The facts of the case and the law applied mean that the Blue Note decision covers only Web sites performing solely an informational function and not directly offering anything for sale, and that the decision may be without significance outside of New York.
Jurisdictional Analysis
The significance, if any, of the Blue Note decision for the rest of the United States depends upon how closely the New York long-arm statute approaches the constitutional limit of personal jurisdiction. New York’s long-arm statute provides for jurisdiction, inter alia, over any non-domiciliary who, in person or through an agent, (1) commits a tortious act within the state, or (2) commits a tortious act outside of the state causing injury to a person or property in the state, if the tortfeasor (i) regularly engages in or solicits business in New York or derives substantial revenue from New York, or (ii) should reasonably expect the consequences in New York of the tort and derives substantial revenue from interstate or international commerce.
New York courts have held that this statute "comes well within the constitutional limitations." See Singer v. Walker, 21 A.D.2d 285, 292, 250 N.Y.S.2d 216, 223 (1st Dep’t 1964), aff’d, 15 N.Y.2d 443, 261 N.Y.S.2d 8 (1965). In fact, the statute was not intended to extend New York jurisdiction to the constitutional limit. American Eutectic Welding Alloys Sales Co. v. Dytron Alloys Corp., 439 F.2d 428 (2d Cir. 1971) ("the legislature did not intend to extend the jurisdiction of the New York courts to the outer reaches of constitutional power."). New York’s refusal of jurisdiction in any given case does not, therefore, mean that other states would not or could not constitutionally exercise jurisdiction in a case with the same facts. And, indeed, other states have exercised jurisdiction in Internet cases with facts similar to the Blue Note case.
The Inset Case
In Inset Sys., Inc. v. Instruction Set, Inc., 937 F. Supp. 161 (D. Conn. 1996), the court exercised jurisdiction over a Web site owner whose server was in Massachusetts.
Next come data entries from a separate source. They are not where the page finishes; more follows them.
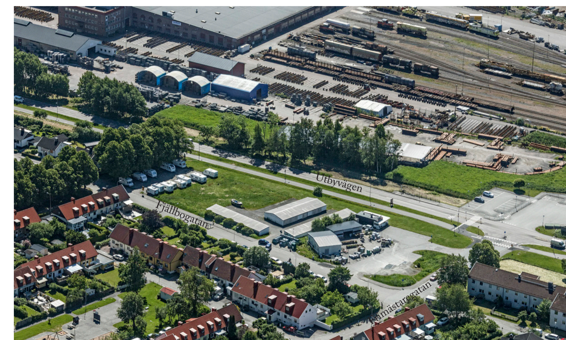
Flygfoto Göteborgs Stad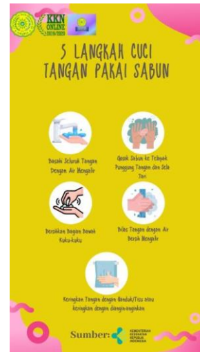
Gambar 4. Poster Edukasi

masyarakat luas memahami bagaimana mencuci tangan yang baik dan benar serta dapat memanfaatkan tanaman yang ada disekitarnya.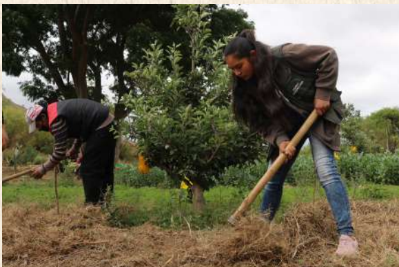
Jóvenes del TECSA Aiquile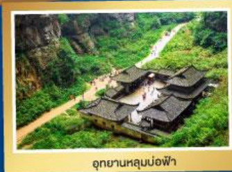
อุทยานหลุมบ่อฟ้า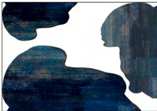
Papiers gouachés extraits d'éléments transformés de l'album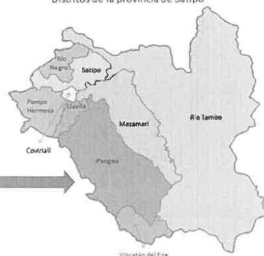
Viacatán del Ene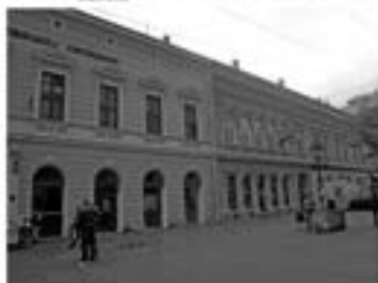
Слика: Јосимовић, Ј. 1867. Објасњење регулације београдске вароши. Београд: Ј. Јосимовић, 1867.

Јосимовић је предложио да се варош регулиса у шанцу, што је значило да се варош изгради у облику шанца, односно да се варош изгради у облику правоугаоника са правоугаоним улицама.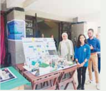
المعزز الذي تدربوا على تقنيات يد على رضا الكرداوي

ناقش المؤتمر عدداً من المحاور كما أعلن الدكتور أبو العلا عطيفي حستين المشرف على المؤتمر منها محور الذكاء الاصطناعي لمواجهة التغيرات المناخية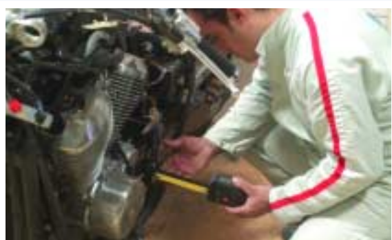
4 Centrado del eje comprobador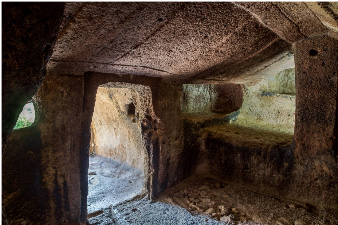
Figg. 2, 3 - Particolare del soffitto che caratterizza la domus de janas VIII di S. Andrea Priu, conosciuta come "Tomba a camera".

Il tetto è sostenuto da due pilastri, uno dei quali (quello di sinistra) poggia su di un banco funerario risparmiato sul lato di sinistra, creando due finte nicchie (figg. 4 , 5).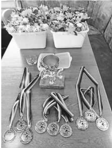
Liebevoll gebundene Blumen-Sträußchen gab es in Überzahl

Am Sonntag trifft die 3. Mannschaft (Platz 11) auf BC Ennetach 2 (10) und den BBBC Singen 2 (8)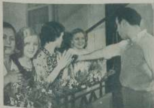
CASTELLVI indica a los artistas lo que han de hacer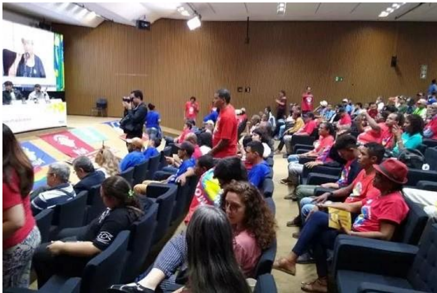
Figura 9 - Frente Parlamentar em Defesa dos Direitos da População em Situação de Rua Câmara Federal, Brasília – DF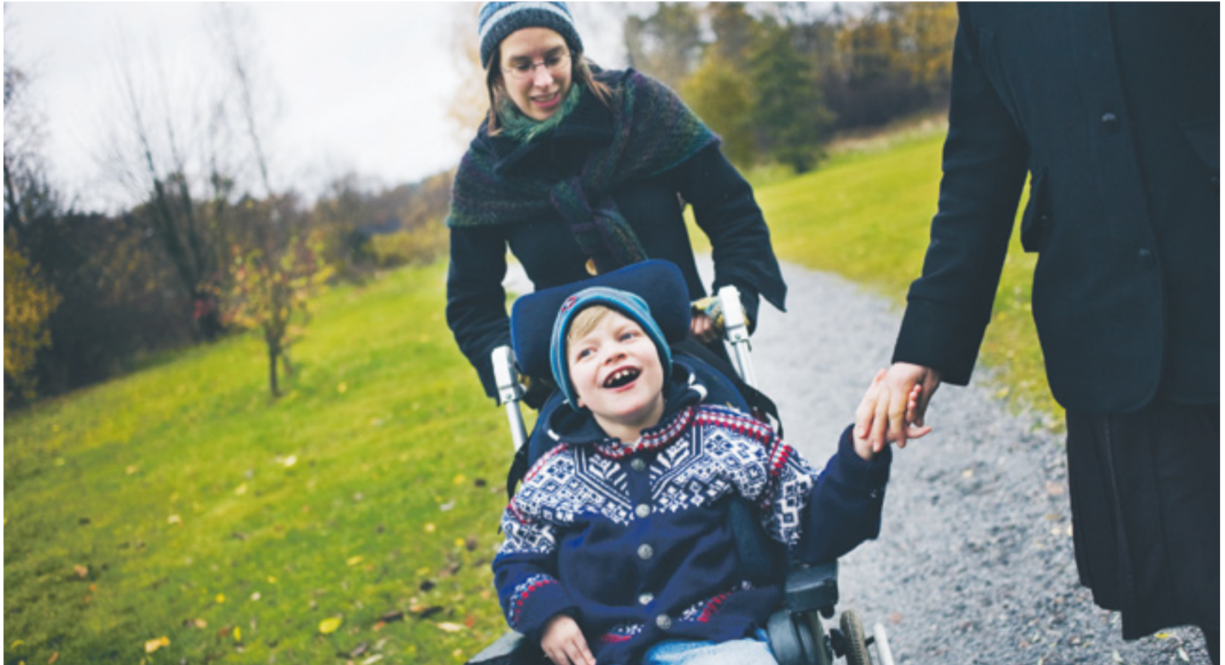
Har man personlig assistans hos Stil är man arbetsledare för sina assistenter. Modellen är unik bland assistansanordnare och självbestämmande och delaktighet är centrala begrepp.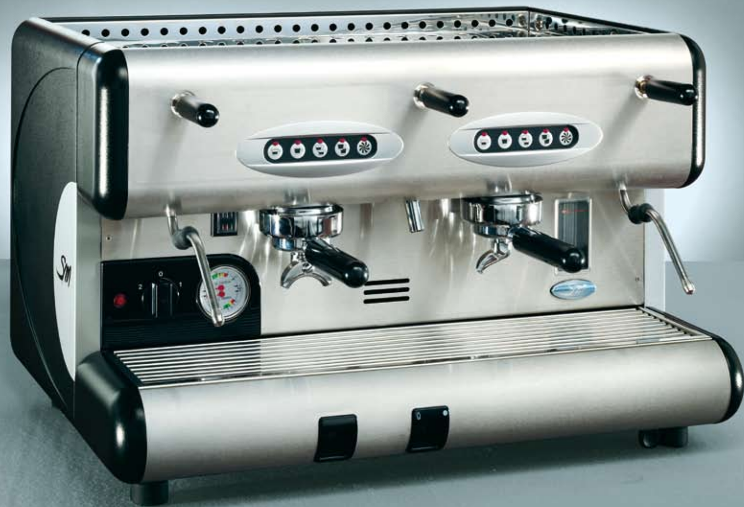
85 E 2 GR.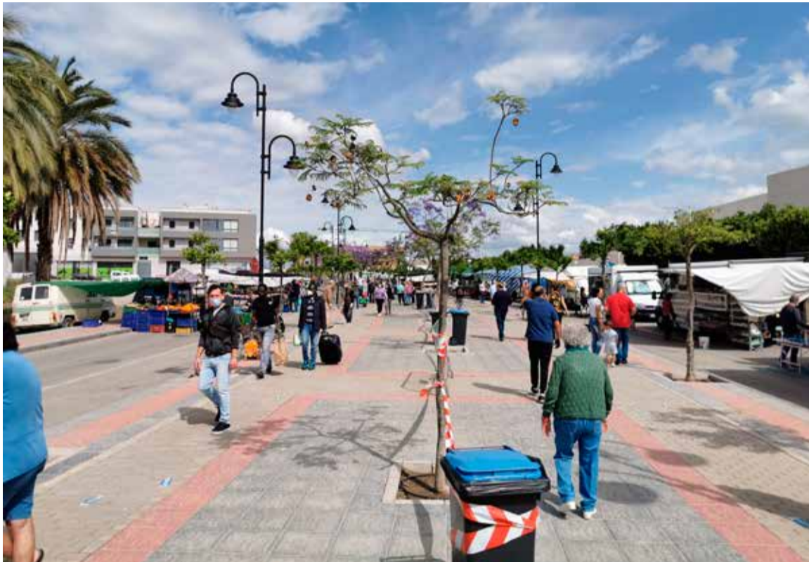
Vista general del paseo Miguel de Cervantes

Los puestos se distribuyeron de forma lineal en la calzada del paseo Miguel de Cervantes, en ambos sentidos, ocupando como máximo la anchura de la calzada hasta la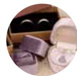
ギフトボックス/ポーチ

・ギフトボックス 1個 ¥300 (税抜 ¥273)～ ・リングケース 1個 ¥1,200 (税抜 ¥1,091)～ ・スエードポーチ 1枚 ¥700 (税抜 ¥636)～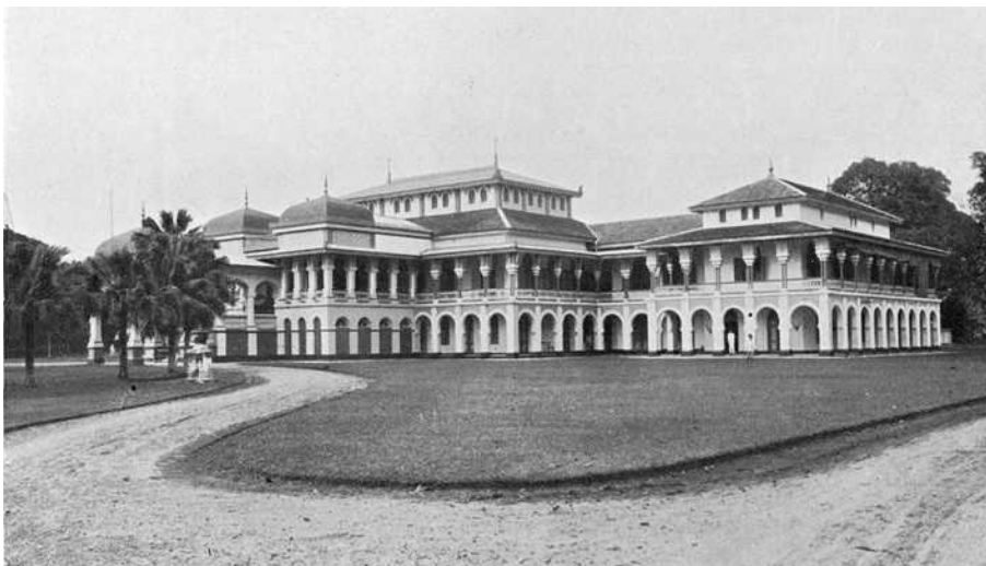
Ontvangpaleis van de sultan van Deli

Wat hem echter meer inkomsten opleverde waren de baten uit de door hem geheven in- en uitvoerrechten over het handelsverkeer van en naar de vele ondernemingen. Eveneens leverde de verkoop en het heffen van belasting op peper, katoen, zout, kruit, lijnwaad en vooral bewerkte opium hem grote winsten op. Waarbij de Chinese koelies op de vele plantages de grootste afnemers waren van dit genotmiddel!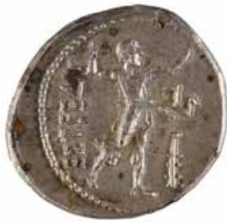
39 PAMPHYLIE ASPENDOS Statère A/ Lutteurs s'affrontant R/ Frondeur debout à droite 300-250 avant J.-C. Argent 10.03 gr 250/280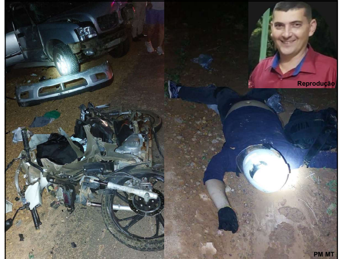
Moto destruída ao se colidida por caminhonete

O motorista e mais uma pessoa ocupante da caminhonete teriam reclamado dores pelo corpo e também foram socorridos. A caminhonete ficou com danos de grande monta na frente e lateral direita. A moto ficou totalmente destruída e o animal de grande porte não resistiu ao atropelamento, ficando morto no meio da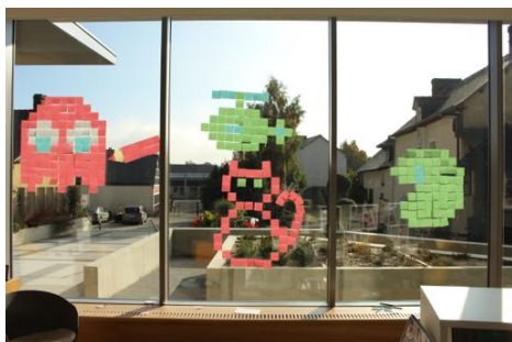
Atelier Pixel Art, médiathèque de la Mézière, octobre 2016.

Création d'un film d'animation en stop motion à partir de post-it.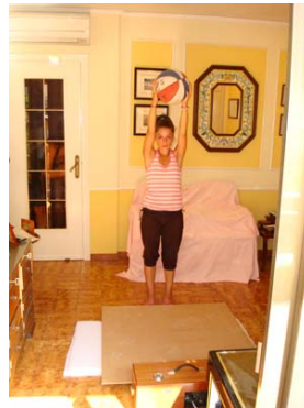
Figura 3: Lanzamiento de una pelota sobre una tabla de madera.

Se ha utilizado una pelota de baloncesto para medir el ruido de impacto generado por ésta. La pelota se deja caer desde una altura de 1,75 m desde el suelo.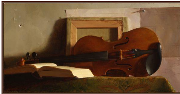
Gambar 2: Jacob Collins, Attributes of the Arts, Oil on Canvas, 2002

Jacob Collins adalah seorang pelukis realis yang berasal dari New York, Amerika Serikat. Setelah meninggalkan gaya modernisme, ia mulai mengerjakan lukisan-lukisan dengan gaya lukisan klasik abad ke-15 hingga abad ke-19 lengkap dengan teknik dan keindahannya. Jacob Collins disiplin melukis figur-figur manusia dengan tingkat kedetailan yang tinggi, pencahayaan yang sangat tepat serta penggunaan warna yang kaya. Brush Stroke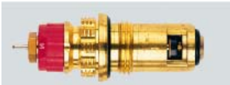
013 G 7390 / 1997 -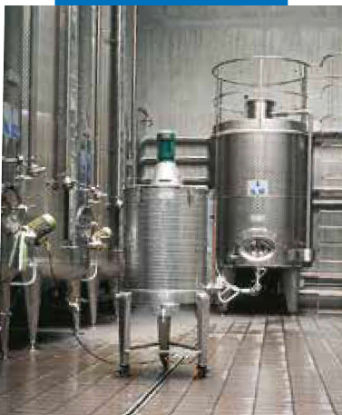
Exempel med fogat golv i en vinkällare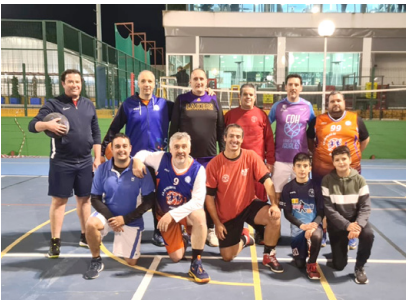
Jueves de pachanga, creciendo.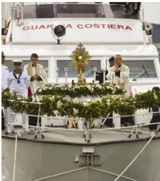
L'arrivo del Santissimo Sacramento sulla motovedetta

Il volto della Misericordia, diventato Eucaristia, è sta-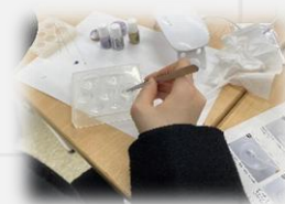
※写真はレジン工作です。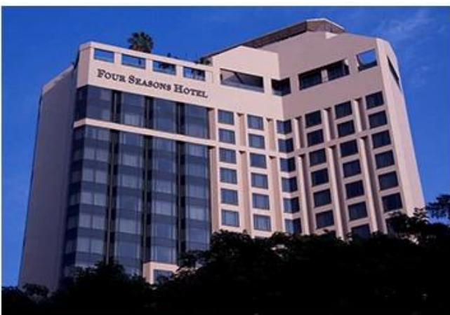
FOUR SEASONS HOTEL SINGAPORE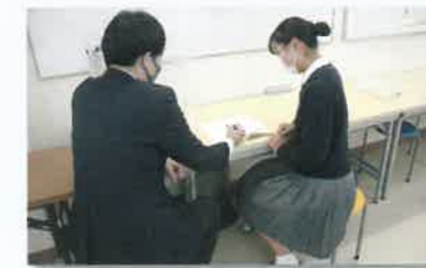
職員室前の質問スペース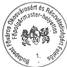
Kerpel-Fronius Gábor főpolgármester-helyettes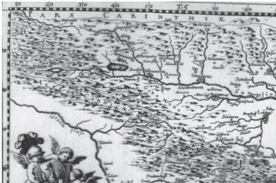
Ausschnitt aus J. W. Valvasor, Die Ehre des Herzogtums Crain. Topographisch-historische Beschreibung, Zweites Buch, 100/101 .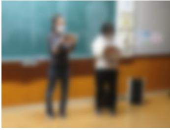
もも・まゆワンダー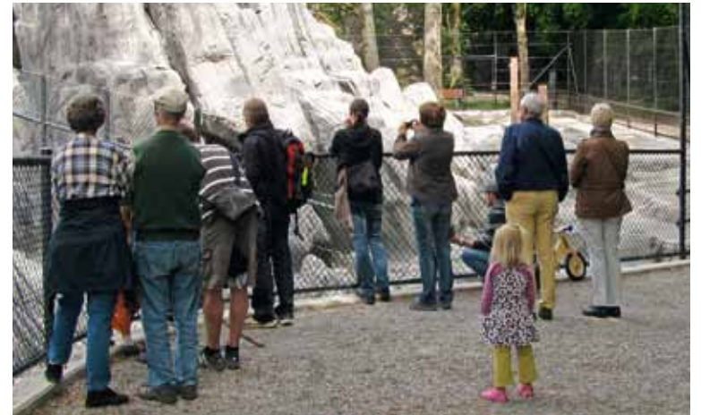
Zuschauer beobachten eine Geburt in der neuen Felsenanlage.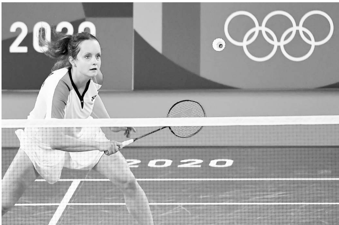
Martina Repiská sa stala prvou Slovenkou, ktorá vyhrala zápas v bedmintonne na olympijských hrách.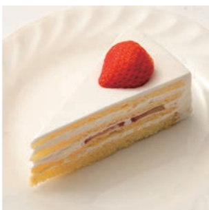
苺のショートケーキ

昔の名前はレモンケーキ。実は子供の頃、レモンパイよりもシャンティーシトロンの方が好きだった。やさしい甘さと、ほんのりとする酸っぱさ、そしてその柔らかさにもうトリコだった。

The claim there, as in the Blue Note case, was that defendant infringed plaintiff’s trademark by its Web site domain name: "inset.com". Defendant "advertised" its products on its Web site. There was no indication in the opinion that defendant’s Web site did anything interactive with visitors or did anything other than post information about defendant. The Court also noted that defendant had a toll-free "800" number (we may infer that it was posted on the Web site, but the opinion does not say). The Blue Note Web site posted defendant’s box office telephone number, although that number was a local, non-800 number.
The Inset Court found that Connecticut could constitutionally assert jurisdiction over the Massachusetts Web site host. According to the Inset Court, "advertising via the Internet" both satisfied the Connecticut long-arm statute covering solicitation of business in-state and the constitutional minimum contacts standard.
Whether all states or federal circuits would follow Inset on the constitutional issue, it is clear that the Blue Note case is no indication that the trend towards nationwide jurisdiction over Web sites and claims arising out of them is slowing.
This article is reprinted with permission from the December 1997 edition of Corporate Counsel Magazine. © 1997 NLP IP Company www.lawnewsnetwork.com
1.) "The Blue Note, Columbia, Missouri should not be confused in any way, shape, or form with Blue Note Records or the jazz club, Blue Note, located in New York."
2.) N.Y. Civ. Prac. Law & Rules § 302.